In this post Matthew Barnett notices that we updated our beliefs between ~2007 and ~2023. I say “we” rather than MIRI or “Yudkowsky, Soares, and Bensinger” because I think this was a general update, but also to defuse the defensive reactions I observe in the comments.
What did we change our mind about? Well, in 2007 we thought that safely extracting approximate human values into a convenient format would be impossible. We knew that a superintelligence could do this. But a superintelligence would kill us, so this isn’t helpful. We knew that human values are more complex than fake utility functions or magical categories. So we can’t hard-code human values into a utility function. So we looked for alternatives like corrigibility.
By 2023, we learned that a correctly trained LLM can extract approximate human values without causing human extinction (yet). This post points to GPT-4 as conclusive evidence, which is fair. But GPT-3 was an important update and many people updated then. I imagine that MIRI and other experts figured it out earlier. This update has consequences for plans to avoid extinction or die with more dignity.
Unfortunately much of the initial commentary was defensive, attacking Barnett for claims he did not make. Yudkowsky placed a disclaimer on Hidden Complexity of Wishes implausibly denying that it is an AI parable. This could be surprising. Yudkowsky’s Coming of Age and How to Actually Change Your Mind sequences are excellent. What went wrong?
An underappreciated sub-skill of rationality is noticing that I have, in the past, changed my mind. For me, this is pretty easy when I think back to my teenage years. But I’m in my 40s now, and I find it harder to think of major updates during my 20s and 30s, despite the world (and me) changing a lot in that time. Seeing this pattern of defensiveness in other people made me realize that it’s probably common, and I probably have it to. I wish I had a guide to middle-aged rationality. In middle-age my experience is supposed to be my value-add, but conveniently forgetting my previous beliefs throws some of that away.
Epistemic status: minimal. Mostly feelings.
Sometimes I read people saying that Yudkowsky-2008 didn’t say this, the post wasn’t about that, and so forth, including Yudkowsky himself. Not with evidence, not with a better reading, just a denial. Perhaps people are overestimating how accurately their brain has maintained a model of what Yudkowsky wrote 10+ years ago. If Alice read the sequences in 2008 and Bob read the sequences in 2024, then Bob has a better model of what the sequences said. Evidence and arguments screen off authority.

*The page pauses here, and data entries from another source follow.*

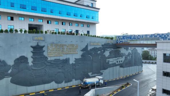 项目建筑设计从自然和社会需求出发,考虑到延续泉州的城市肌理,结合生态治理、世界遗产文化、宗教文化、环保科普等多种元素,打造了入口景观区、美岭湖景观、综合楼景观区、厂区墙面泉州世遗22景、长廊景观带、宗教文化展廊等多个区域,串联起一条生态文化景观轴。同时融合运用石雕、挂画、交互式智能应用场景等形式,使其具备垃圾处理、环保科普、形象展示、审美游憩四大功能,形成助力城市发展的生态纽带、倡导环保宣教的科普基地、融汇城市文化的景观长廊,不仅饱含了传承、创新、和谐、发展的文化温度,也体现了“天人合一、地物和谐”的发展观。
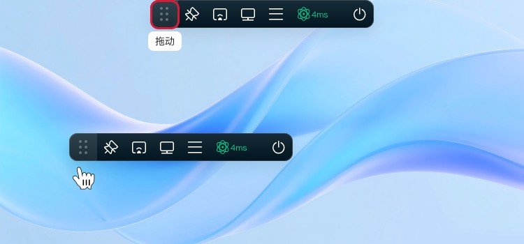 进入AI云电脑后,可在桌面顶部看到工具栏,点击“拖动”图标,支持工具栏任意位置移动,支持隐藏在桌面顶部和左右两侧屏幕边。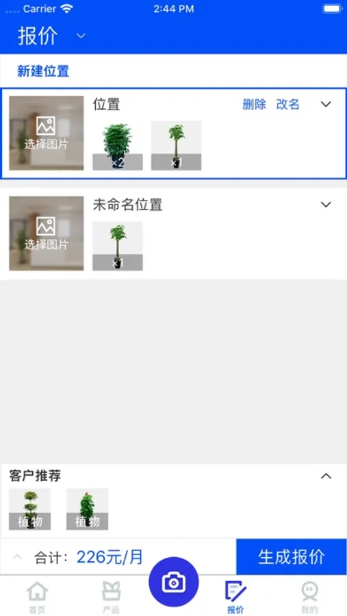 根据即时环境模拟的设计图,一键生成植物及花盆组合报价表,快速分享。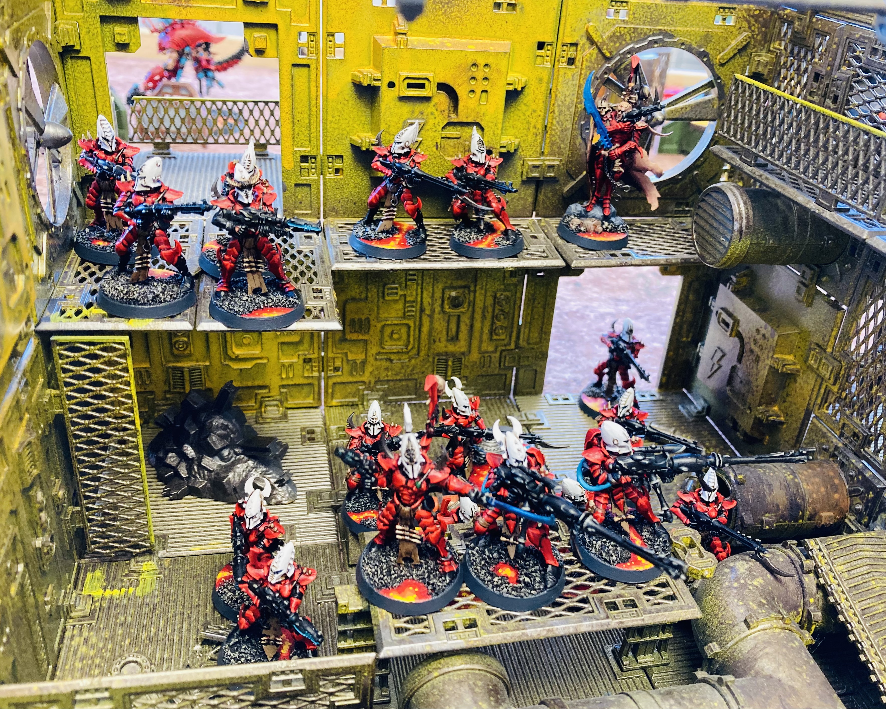Still riding high from victory, Archon Vÿr took his forces to raid some mon-keigh industrial facilities, and take more prisoners. His Kabalites were echoing his elevated spirits, plunging into the buildings and fighting to assail the victims within with gleeful abandon.

But more importantly to me (here come the feelings), these defensive anti-interpretations of the sequences are boring and narrow and ugh. By positing that multiple apparently literate people misread the sequences both at the time (read the old comments), and today (read the new comments), they paint a picture of young Yudkowsky as a bad writer who attracted bad readers.
As I read it, the Hidden Complexity of Wishes is a glorious parable about AI and genies that paints graphic images of failure cases and invites both thought and imagination from the reader. As Yudkowsky-2024 tells me to read it, it is just making a point about the algorithmic complexity of human values. Yeah, I deny that, Death of the Author and all.
Likewise, as I read it, Magical Categories is about, well, categories. Categories that matter for capabilities and for alignment and for humans. It’s part of a network of rationalist thought that has ripples today in discussions about gender, adversarial examples, natural abstractions, and more. As others read it, Magical Categories is always in every instance talking about getting a shape into the AI’s preferences, never some other thing.
No thanks. Where recursive justification hits bottom is, I read LessWrong with my brain, it’s the only one I have.